About this exercise: Where the records appear below, transcribe them exactly, leaving none out.

↓↓↓

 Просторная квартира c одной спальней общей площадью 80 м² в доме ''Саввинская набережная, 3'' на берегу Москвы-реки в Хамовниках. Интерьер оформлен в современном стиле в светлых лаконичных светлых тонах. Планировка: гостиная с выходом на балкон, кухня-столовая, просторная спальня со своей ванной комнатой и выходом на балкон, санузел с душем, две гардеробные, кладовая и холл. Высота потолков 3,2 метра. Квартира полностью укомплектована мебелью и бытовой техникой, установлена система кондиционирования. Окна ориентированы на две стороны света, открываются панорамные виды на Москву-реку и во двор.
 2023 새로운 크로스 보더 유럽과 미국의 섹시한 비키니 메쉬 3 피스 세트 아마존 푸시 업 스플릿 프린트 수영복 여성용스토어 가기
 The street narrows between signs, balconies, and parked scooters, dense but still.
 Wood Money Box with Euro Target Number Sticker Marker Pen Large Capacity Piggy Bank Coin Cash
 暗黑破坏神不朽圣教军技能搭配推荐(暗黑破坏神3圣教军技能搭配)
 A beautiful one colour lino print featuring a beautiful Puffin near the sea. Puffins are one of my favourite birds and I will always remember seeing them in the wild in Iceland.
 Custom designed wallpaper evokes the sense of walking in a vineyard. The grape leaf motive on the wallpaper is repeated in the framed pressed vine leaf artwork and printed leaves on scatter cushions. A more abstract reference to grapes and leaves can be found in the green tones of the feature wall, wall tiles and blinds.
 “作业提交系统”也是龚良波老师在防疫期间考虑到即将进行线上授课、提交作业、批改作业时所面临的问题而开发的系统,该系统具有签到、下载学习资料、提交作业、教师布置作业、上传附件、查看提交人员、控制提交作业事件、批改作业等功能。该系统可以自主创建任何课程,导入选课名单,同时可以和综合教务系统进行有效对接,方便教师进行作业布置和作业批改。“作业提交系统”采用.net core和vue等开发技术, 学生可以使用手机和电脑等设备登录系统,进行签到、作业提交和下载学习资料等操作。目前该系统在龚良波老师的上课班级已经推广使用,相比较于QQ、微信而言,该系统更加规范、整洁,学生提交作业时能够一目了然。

↑↑↑

Response for this exercise:
 Просторная квартира c одной спальней общей площадью 80 м² в доме ''Саввинская набережная, 3'' на берегу Москвы-реки в Хамовниках. Интерьер оформлен в современном стиле в светлых лаконичных светлых тонах. Планировка: гостиная с выходом на балкон, кухня-столовая, просторная спальня со своей ванной комнатой и выходом на балкон, санузел с душем, две гардеробные, кладовая и холл. Высота потолков 3,2 метра. Квартира полностью укомплектована мебелью и бытовой техникой, установлена система кондиционирования. Окна ориентированы на две стороны света, открываются панорамные виды на Москву-реку и во двор.
 2023 새로운 크로스 보더 유럽과 미국의 섹시한 비키니 메쉬 3 피스 세트 아마존 푸시 업 스플릿 프린트 수영복 여성용스토어 가기
 The street narrows between signs, balconies, and parked scooters, dense but still.
 Wood Money Box with Euro Target Number Sticker Marker Pen Large Capacity Piggy Bank Coin Cash
 暗黑破坏神不朽圣教军技能搭配推荐(暗黑破坏神3圣教军技能搭配)
 A beautiful one colour lino print featuring a beautiful Puffin near the sea. Puffins are one of my favourite birds and I will always remember seeing them in the wild in Iceland.
 Custom designed wallpaper evokes the sense of walking in a vineyard. The grape leaf motive on the wallpaper is repeated in the framed pressed vine leaf artwork and printed leaves on scatter cushions. A more abstract reference to grapes and leaves can be found in the green tones of the feature wall, wall tiles and blinds.
 “作业提交系统”也是龚良波老师在防疫期间考虑到即将进行线上授课、提交作业、批改作业时所面临的问题而开发的系统,该系统具有签到、下载学习资料、提交作业、教师布置作业、上传附件、查看提交人员、控制提交作业事件、批改作业等功能。该系统可以自主创建任何课程,导入选课名单,同时可以和综合教务系统进行有效对接,方便教师进行作业布置和作业批改。“作业提交系统”采用.net core和vue等开发技术, 学生可以使用手机和电脑等设备登录系统,进行签到、作业提交和下载学习资料等操作。目前该系统在龚良波老师的上课班级已经推广使用,相比较于QQ、微信而言,该系统更加规范、整洁,学生提交作业时能够一目了然。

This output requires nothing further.